Ranunculus flowers look almost too perfect to be real. Their rose-like blossoms feature layer upon layer of tissue-thin petals, and come in colors that range from cream and pale yellow to apricot, pink, orange, red and burgundy.

They can be planted in containers or in the garden.


Sowing and Growing

  • You can start to direct sow hardy annuals as the ground reaches 6C. The same goes for salads, you can start to sow salad, beetroot and annual herbs, such as dill and rocket.

  • Always continue to sow seed of half-hardy annuals under cover. Sow in small pots rather than trays to save space . it’s also a good idea to harden off seedlings that have been started off indoors on warm still days. Place them outside during the day, but take them in again late afternoon, and do this for about a week or so. This way they will get used to the cooler conditions before being planted outside.

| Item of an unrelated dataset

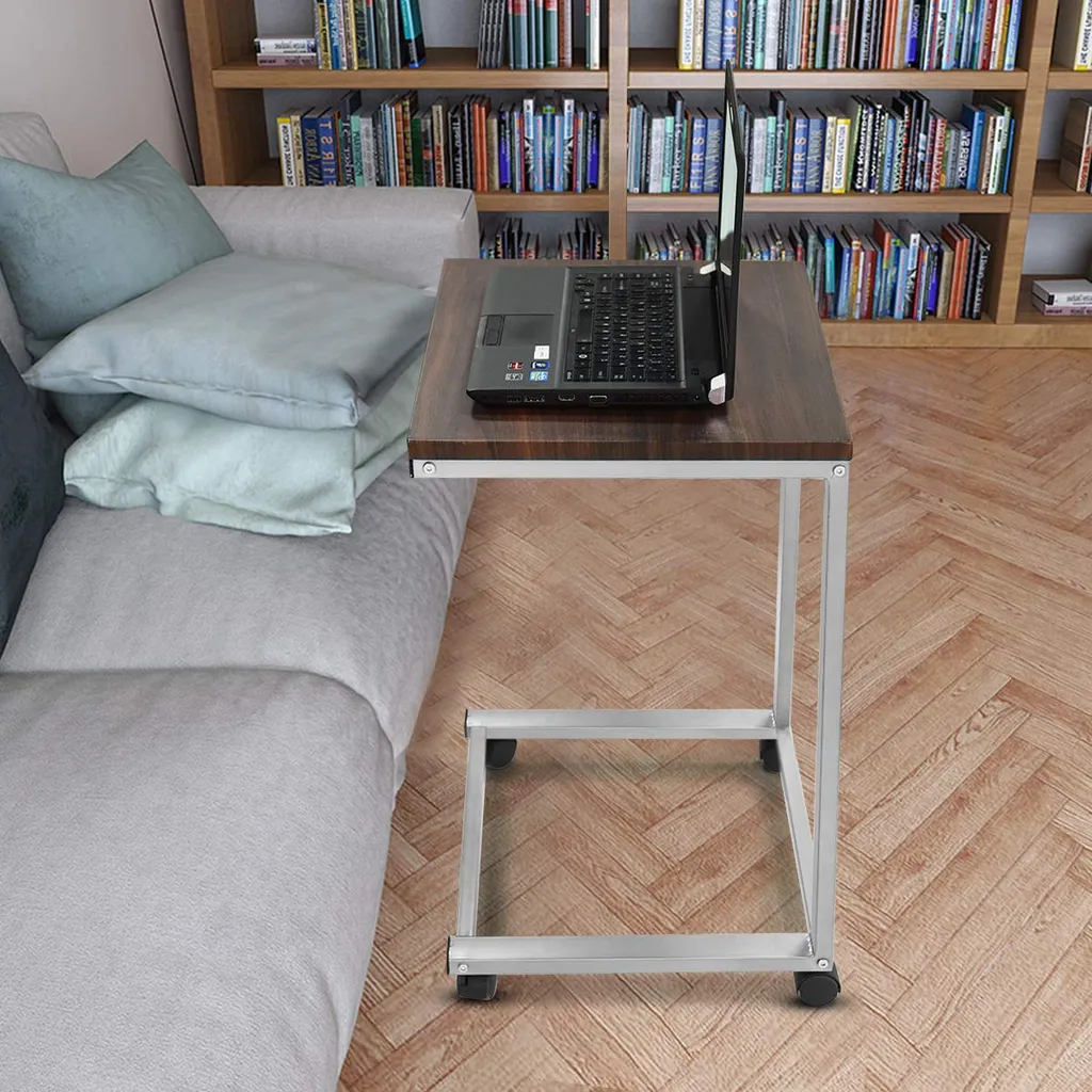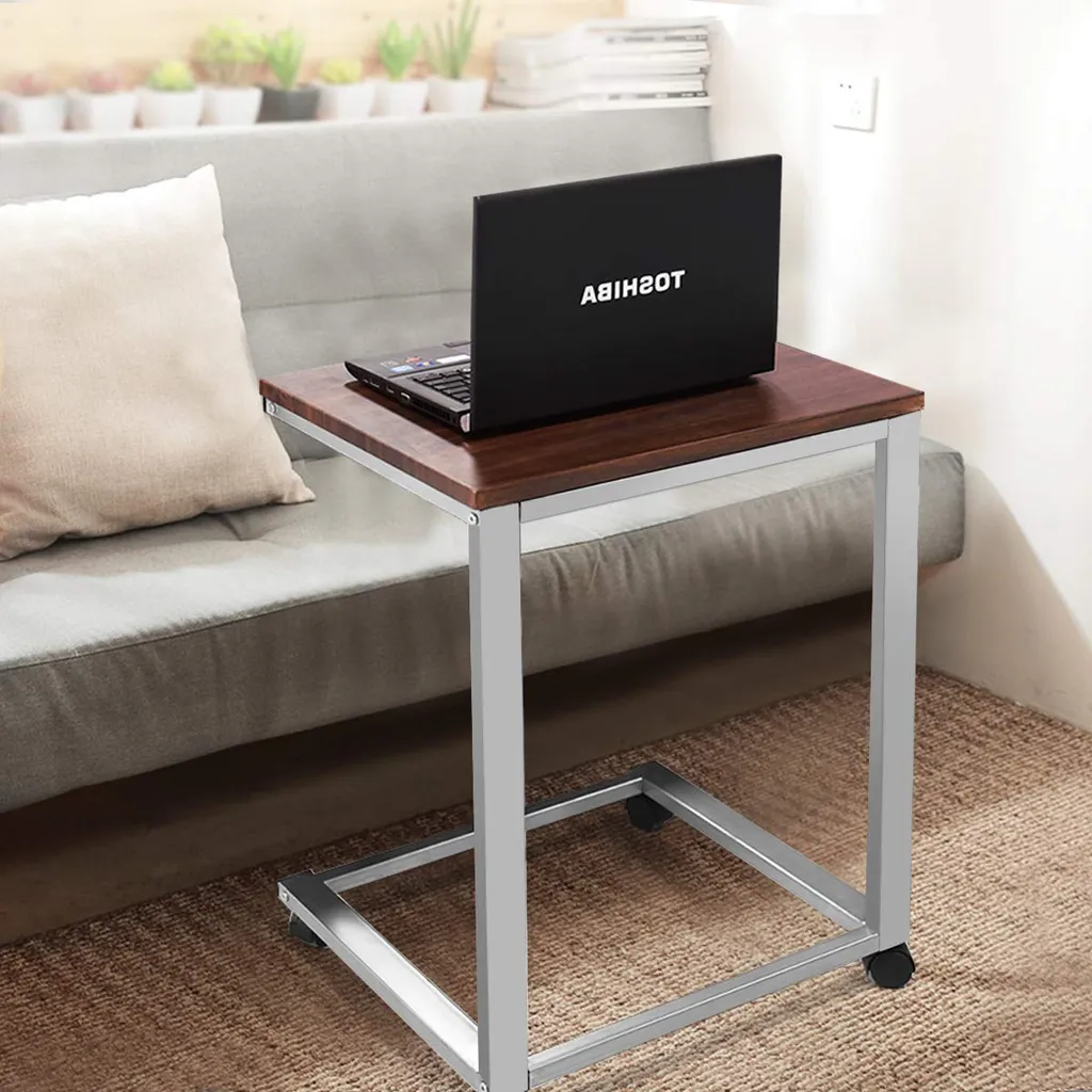 COSTWAY Laptoptisch Mit Rollen, Beistelltisch Sofatisch Notebooktisch Pflegetisch Ablagetisch Metall + Holz 50x40x65cm

  • Never handle seedlings by the stem when pricking out. To avoid damage, gently grasp the first set of primary leaves. Remember to get as much root as you can by pushing your dibber (or use a rigid plant label) right down to the base of the seed tray and lifting from there.

  • If you are turfing, this is the perfect time to do so. If the weather is dry you may need to water to prevent curling at the edges. Feed established lawns with a slow-release organic fertiliser high in nitrogen to get things off to a good start.

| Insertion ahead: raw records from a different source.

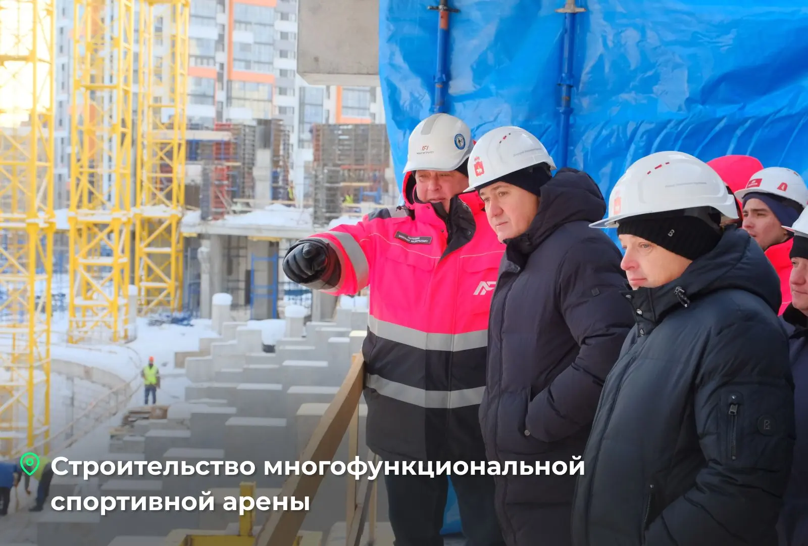 Также проверил ход строительства спортивной арены в районе ДКЖ. Сейчас здесь монтируют каркас здания сразу на нескольких этажах. На цокольном и первом — приступили к устройству полов и перегородок. На пятом этаже устанавливают опорную балку для кровли.
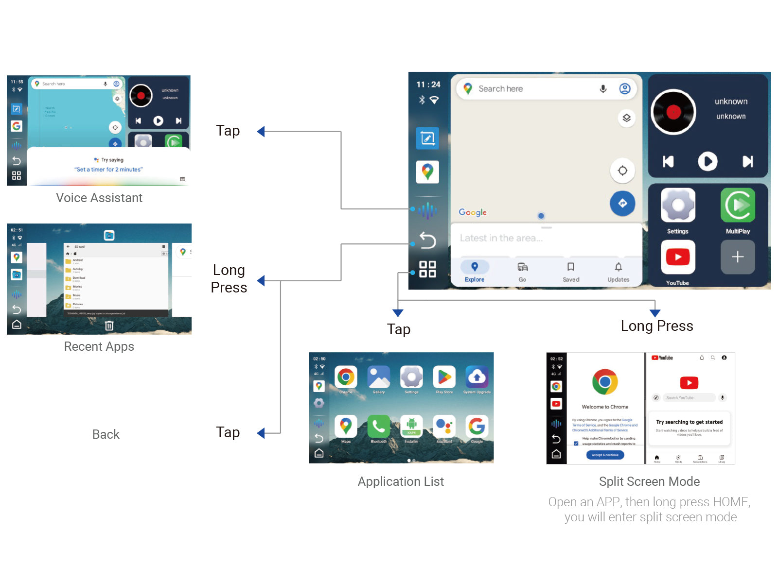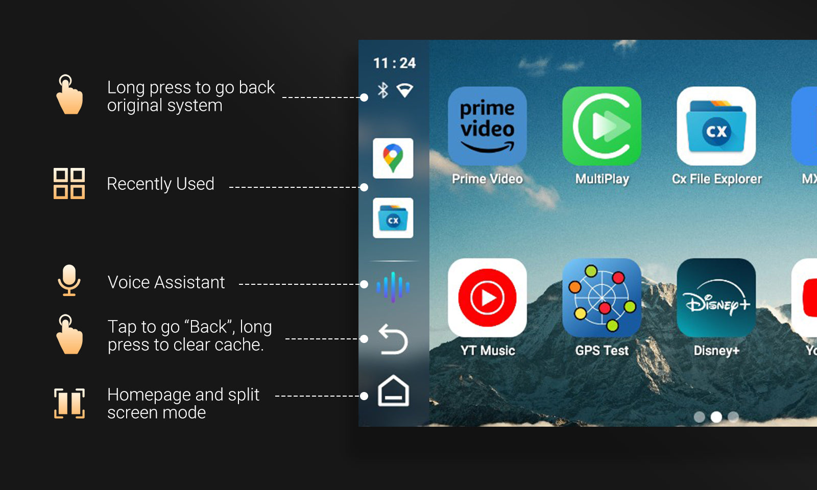 Le CA480 prend en charge trois systèmes : Apple CarPlay, Android Auto et un système Android personnalisé. Cette compatibilité polyvalente assure une intégration fluide avec divers appareils, améliorant ainsi la connectivité et l'expérience utilisateur.
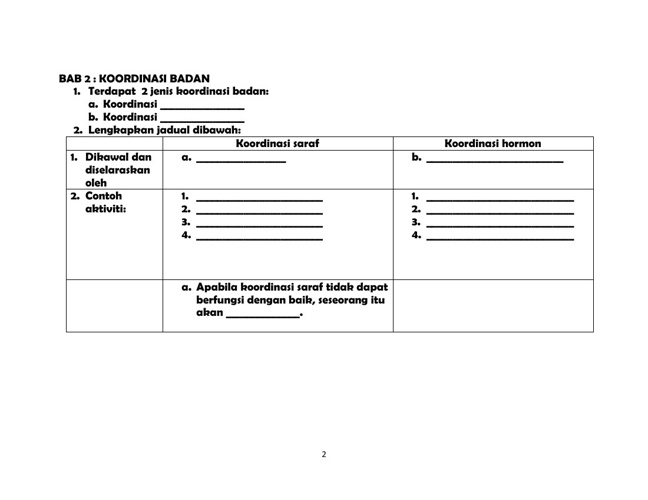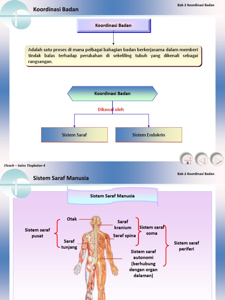 Bab 7 koordinasi badan https. Bab 3 teknik mengukur paramter kesihatan badan https. Bab 2 tingkatan 4. Koordinasi badan koordinasi merupakan tindak balas badan kita ke arah mana mana rangsangan dari dan di luar badan dua jenis koordinasi i koordinasi saraf ii koordinasi kimia hormon 3.

  • Sow perennials – these could include hollyhocks, delphiniums, Linaria purpurea 'Canon Went' and echinaceas. Fill a seed tray with peat-free compost and dampen with water. Sow seeds spaced at least an inch apart in a grid across the compost surface. Then scatter (or sieve) a fine covering of compost over the seeds. You don't need to water again immediately. Place in a light, cool spot, eg a window ledge or, if you have one, in a propagator in a cold frame, greenhouse or polytunnel with basal heat.

  • Later in the month, thin out hardy annuals sown in drifts or rows to allow plants to reach optimum size.

  • Pot cuttings of tender perennials, eg pelargoniums, arctotis, verbenas, penstemons and argyranthemums, taken late last summer or autumn. They'll be well rooted now and will benefit from some fresh compost and more space for root formation before planting in their summer position.

Bulbs and Tubers

  • If you have received your dahlia tubers, now is the time to get them potted up. Follow our instructions carefully and you will have wonderful flowers to cut all through the summer months.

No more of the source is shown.